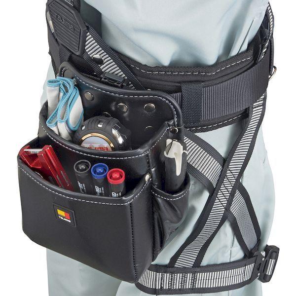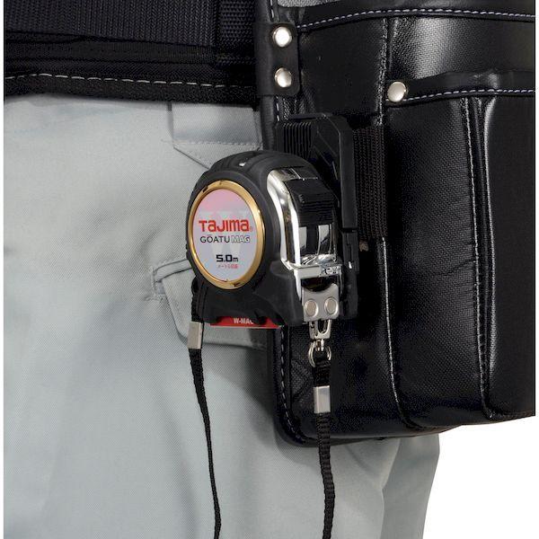 (株)TJMデザインメーカーお問い合わせ:0120-125577【特長】●腰周りの組み換えが簡単な着脱式です。●ベルトを外さず途中から差せる後付式ホルダーを採用しています。●幅広い職人さんに適したスタンダード形状です。●後付けホルダーでコンベックス等のアレンジが可能です。●ベルトからの浮きを防止するサイドクリップ装備です。●アレンジされる場合でも総重量は3kg以下となります。●PVCフィルムでコーティングした高密度ナイロン生地でEVAフォーム材をサンドイッチした5層構造のタジマオリジナル生地を採用しました。【用途】●建築作業現場用着脱式腰袋【仕様】●形状:腰袋 2段中●色:黒●幅(mm):215●奥行(mm):145●高さ(mm):250●ベルト通し幅(mm):50【仕様2】●ベルト通し幅:50mm●セフ取付収納物総重量:3kg●防水加工●換え用品:セフ後付ホルダー用スライドストッパーSF-CHLDST【材質/仕上】●PVCフィルム●高密度ナイロン●EVAフォーム材【原産国】台湾
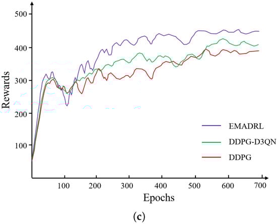 Figure 4 presents the typical deep reinforcement learning curves for the EMADRL, DDPG-D3QN, and DDPG algorithms. The reward curve of the agent exhibited fluctuations and an upward trend, indicating the adaptive adjustment of action selection strategies based on accumulated learning experiences. Initially, the EMADRL curve demonstrated significant fluctuations, which could be attributed to lower Q-value estimation accuracy during the early stages of training. However, as training progresses, the acquisition of more effective strategies led to stabilized fluctuations, underscoring the convergence and precision achieved by both deep reinforcement learning methods.
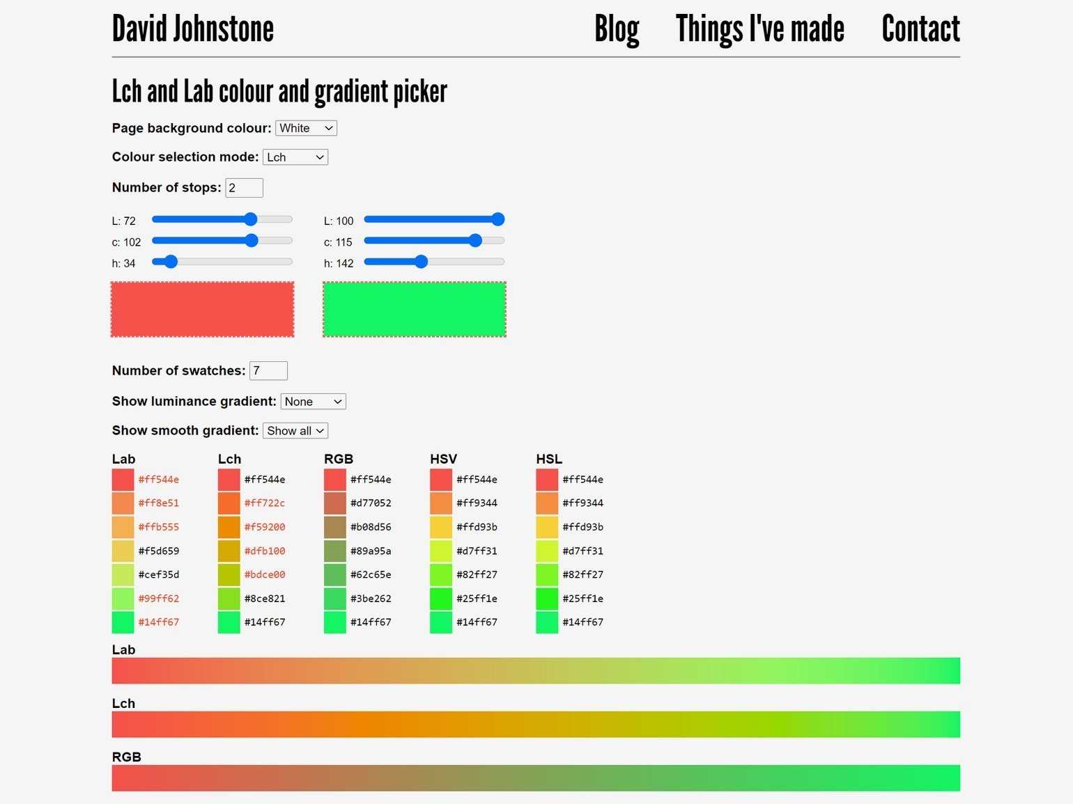В качестве альтернативного метода создания градиента в LAB можно воспользоваться инструментом Lch and Lab colour and gradient picker Дэвида Джонстона.

----

## Problem requirements
What you output must be exactly the lines from the line with "Figure 4 presents" through the last line of the listing, pictures excluded.

## Solution for this problem
 Figure 4 presents the typical deep reinforcement learning curves for the EMADRL, DDPG-D3QN, and DDPG algorithms. The reward curve of the agent exhibited fluctuations and an upward trend, indicating the adaptive adjustment of action selection strategies based on accumulated learning experiences. Initially, the EMADRL curve demonstrated significant fluctuations, which could be attributed to lower Q-value estimation accuracy during the early stages of training. However, as training progresses, the acquisition of more effective strategies led to stabilized fluctuations, underscoring the convergence and precision achieved by both deep reinforcement learning methods.
В качестве альтернативного метода создания градиента в LAB можно воспользоваться инструментом Lch and Lab colour and gradient picker Дэвида Джонстона.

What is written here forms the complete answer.